It means if you a driving along a main road and someone wants to join from the right, they can do it is oddly their right of way. The drivers joining from the right do not have to stop, give way or look (many do look).


----------



## trevd01 (Oct 26, 2007)

France is a very big country with roads of all types, just the same as we have in the UK.

If you are OK in the UK, you will be OK in France, plus you have the advantage of driving from the side nearest the kerb!


----------



## Penquin (Oct 15, 2007)

*Re: pad*



teemyob said:


> Penquin said:
> 
> 
> > Should have mentioned, lane discipline is MUCH better in France on dual carriageways and autoroutes, but the French do not seem to recognise what we are taught in the UK - that a single solid white line down the middle means no overtaking......
> ...


Check out this site for the Vendee region - written by the French with the correct road signs in it and their explanation

http://www.vendee-guide.co.uk/priority-a-droite.htm


----------



## teemyob (Nov 22, 2005)

*Re: pad*



Penquin said:


> teemyob said:
> 
> 
> > Penquin said:
> ...


That is where I got the other sign from!

TM


----------



## Penquin (Oct 15, 2007)

Another useful summary page about the key features for driving in France is;

http://wikitravel.org/en/Driving_in_France

it's reference to Priorite a droite is clear about how confusing it is!

It also has probably the most important explanation of signs that may differ or be of prime importance.

Happy reading

Dave


----------



## Kev1 (Apr 4, 2011)

GO
just don't rely always on tom tom
use your common sense as well


Its great
if big tractors and lorries can get through so can we
just ake your time


----------



## ceejayt (Nov 25, 2005)

Make sure you join France Passion - lots of free overnight stops in amazing places - just go and enjoy, absolutely nothing tp be worried about.

PS Buy your breathalyser kit and make sure you have a warning triangle.


----------



## DTPCHEMICALS (Jul 24, 2006)

Our first trip to France was 17 years ago to a mobile home.
After that I towed a caravan in France for 10 years.
Last six have been with the motorhome.
In fact I have just booked tunnel crossing for july.
This will be our third return trip on tunnel all free, courtesy of Tesco.

Just remember to drive on the right and after a couple of roundabouts you will be fine.
I personally would advise evening tunnel crossing, stay at Cite europe overnight and start fresh in teh morning. Don`t rush and if you reach a determined destination well done.
We set off for the Italian Lakes two years ago ended up in Pisa and Florence.
Last year set off for Switzerland and ended up in the Dordogne.
Just check weather prior to departure, head for the sunny bit.
. Dave p


----------



## tonyt (May 25, 2005)

ceejayt said:


> ................... make sure you have a warning triangle.

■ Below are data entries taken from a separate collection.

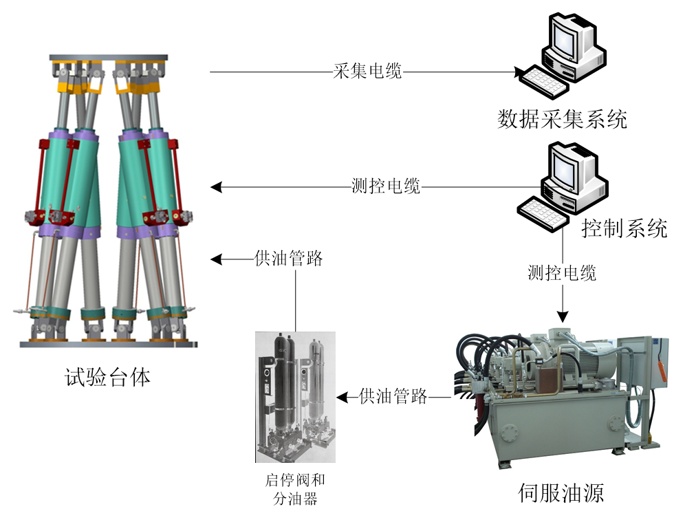 液壓搖擺臺由試驗臺體、控制系統、伺服油源、子站和數據采集系統等主要部分組成。其中,試驗臺體是由6臺作動器組成的六自由度運動平臺,用于實現試驗件的單自由度正弦運動或多自由度復合正弦運動。控制系統控制試驗臺體或者單個作動器按指令運動。伺服油源為系統運動提供動力。啟停閥用于控制伺服油源動力的通斷。分油器將油液輸送到試驗臺體的各執行機構中。數據采集系統采集存儲試驗數據。
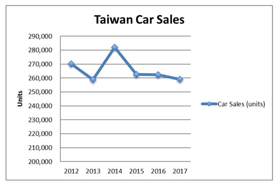 In addition, the service industry contributes to providing support for the manufacturing industry, in which the automotive industry plays an important role in the growth of the global economy [5]. This industry generates more than $2.5 trillion in revenue per year and corresponds, in general, to roughly 10% of the gross domestic product (GDP) of a developed country [6]. Based on global automobile sales data from year to year, there is a significant increase in GDP. According to data from the international organization of motor vehicle manufactures (OICA) regarding car sales from 2012–2017, in 2012, 82.11 million units were sold, increasing to 96.80 million units sold in 2017. Therefore, automobile sales grew by 17.89% during 2012–2017 [7]. Furthermore, based on data from OICA about car sales in Taiwan. Figure 1 shows automobile sales from 2012 to 2017 and a total of sales equal to 1,594,913 units (Source: http://www.oica.net/category/sales-statistics/). The graph presents 270,078 units from 2012; furthermore, it shows a decline in 2013 of 258,753 units and, in 2014, an increase of 282,130 units. However, 2015–2017 saw a decline from 262,593 to 259,013 units. Thus, the average sales amounted to 265,818.92 units per year, but there was a –4.09% decline in sales from 2012–2017.
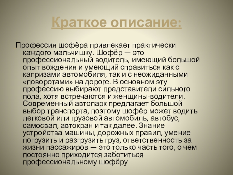 водитель, имеющий большой опыт вождения и умеющий справиться как с капризами автомобиля, так и с неожиданными «поворотами» на дороге. В основном эту профессию выбирают представители сильного пола, хотя встречаются и женщины-водители. Современный автопарк предлагает большой выбор транспорта, поэтому шофёр может водить легковой или грузовой автомобиль, автобус, самосвал, автокран и так далее. Знание устройства машины, дорожных правил, умение погрузить и разгрузить груз, ответственность за жизни пассажиров — это только часть того, о чем постоянно приходится заботиться профессиональному шофёру
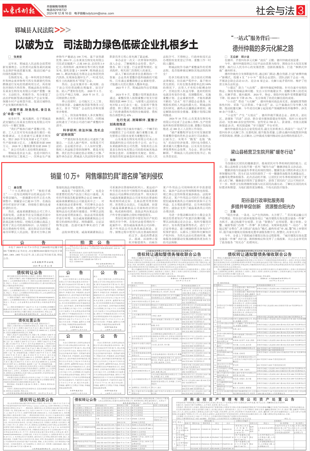 近日,《山東法制報(bào)》以《銷量10萬+網(wǎng)售爆款釣具“蹭名牌”被判侵權(quán)》為題,聚焦威海法院知識(shí)產(chǎn)權(quán)糾紛化解,以下為報(bào)道全文:
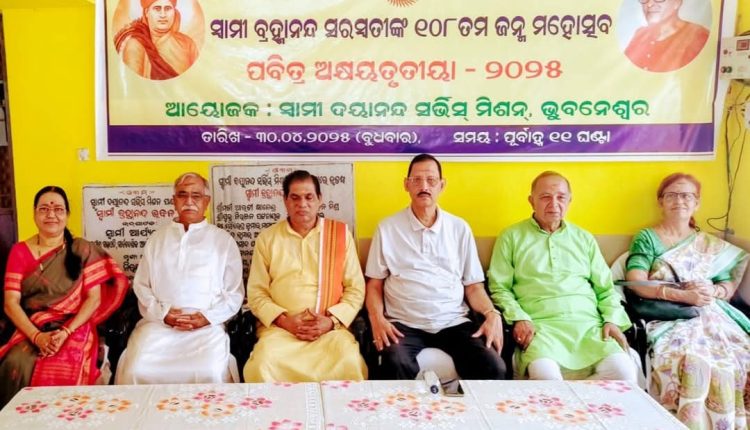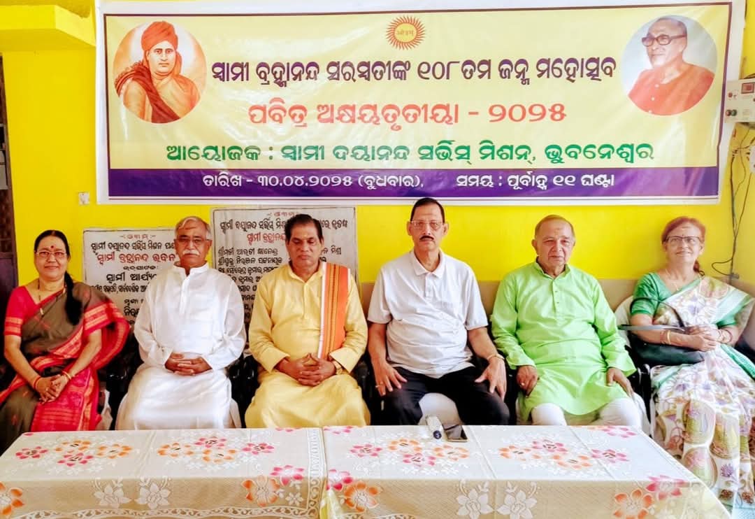 ଭୁବନେଶ୍ୱର, ୩୦/୦୪: ଓଡ଼ିଶାରେ ଗୁରୁକୂଳ ଓ ଆର୍ଯ୍ୟସମାଜ ଆନ୍ଦୋଳନର ଅଗ୍ରଦୂତ ତଥା ବୈଦିକ ଗୁରୁକୂଳ ଆଶ୍ରମ ବେଦବ୍ୟାସର ପ୍ରତିଷ୍ଠାତା ସ୍ୱାମୀ ବ୍ରହ୍ମାନନ୍ଦ ସରସ୍ୱତୀଙ୍କ ୧୦୮ତମ ଜୟନ୍ତୀ ଉତ୍ସବ, ଆର୍ଯ୍ୟସମାଜ ଓଡ଼ିଶା ଓ ସ୍ୱାମୀ ଦୟାନନ୍ଦ ସର୍ଭିସ ମିଶନ ପକ୍ଷରୁ ମିଳିତ ଭାବେ ଚନ୍ଦ୍ରଶେଖରପୁର ଶ୍ରୀ ଅରବିନ୍ଦନଗରସ୍ଥିତ ସ୍ୱାମୀ ବ୍ରହ୍ମାନନ୍ଦ ଭବନ ସଭାଗୃହରେ ଅନୁଷ୍ଠାନର ଅଧ୍ୟକ୍ଷ ଡଃ ଆର୍ଯ୍ୟକୁମାର ଜ୍ଞାନେନ୍ଦ୍ରଙ୍କ ପୌରହିତ୍ୟରେ ପାଳିତ ହୋଇଯାଇଛି ।
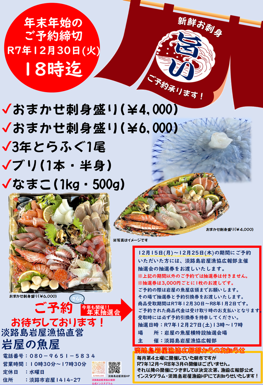 抽選券は12月15日(月)から12月25日(木)の間に岩屋の魚屋で年末年始商品をご予約いただいた方が対象です。
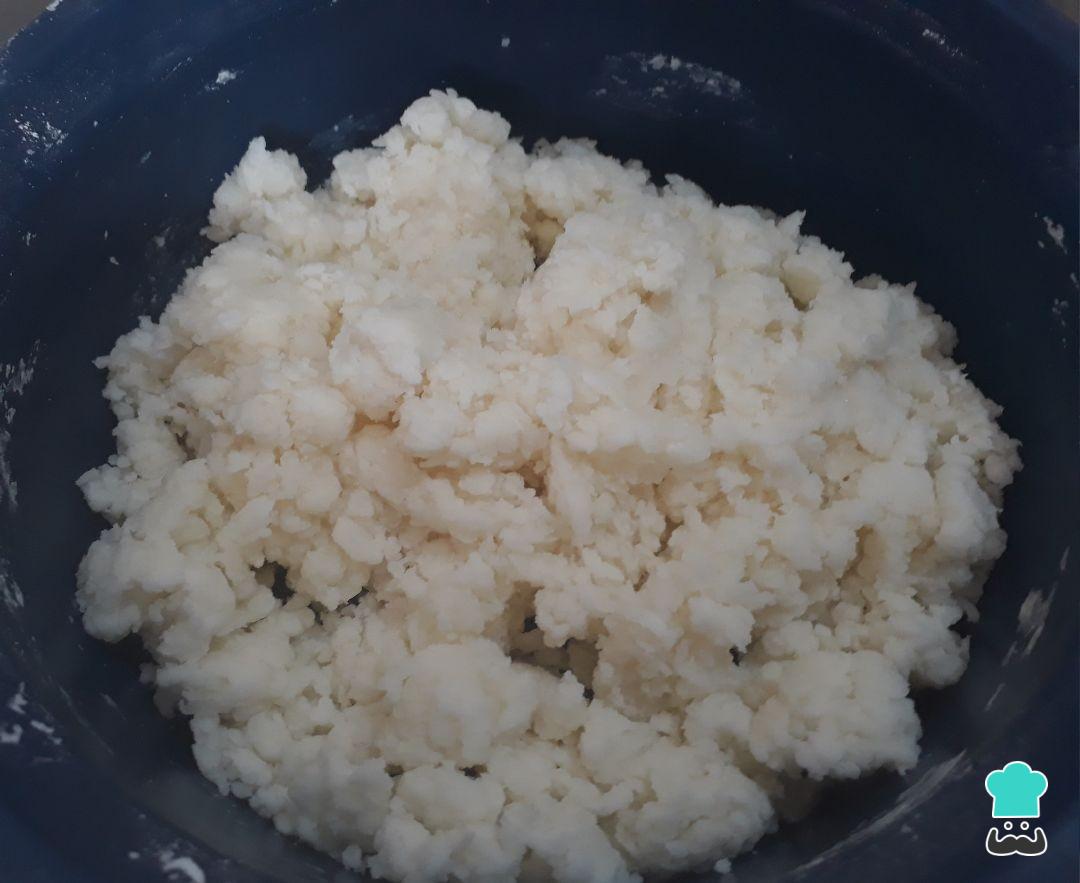 Adicione no polvilho escaldado e já frio o ovo e o queijo ralado. Sove por 5 minutos até formar uma massa consistente e uniforme, como na foto.

I believe 2 triangles are required plus a whole list of other stuff.


----------



## Penquin (Oct 15, 2007)

Two triangles are required for Spain, one is OK for France + high vis vests accessible without leaving the vehicle and spare bulbs.

The Guides has more info;

http://www.motorhomefacts.com/ftoptitle-69031-legal-requirements-abroad.html

Enjoy, that section was put togther by Cronkle

Dave


----------



## loddy (Feb 12, 2007)

You'll need a ladder to remove the French hanging baskets from your roof :lol:


----------



## KeithChesterfield (Mar 12, 2010)

I'd suggest heading towards Normandy taking the roads as close to the Coast as possible.

The first time we went to France in a MH we meandered along the Northern coast calling at Equihen Plage, Fort Mahon Plage, Veules-les-Roses, Honfleur, Luc sur Mer, Grandcamp Maisy and then moved inland to Beuvron-en-Auge and on to Etretat, Le Treport, Le Touquet and then Wissant for the final night.

Last year we aimed for La Rochelle but we were sidetracked by all the other places we drove through and for the second year in a row we found places we'd never considered and never heard of before - but everywhere had something worthwhile to see and do.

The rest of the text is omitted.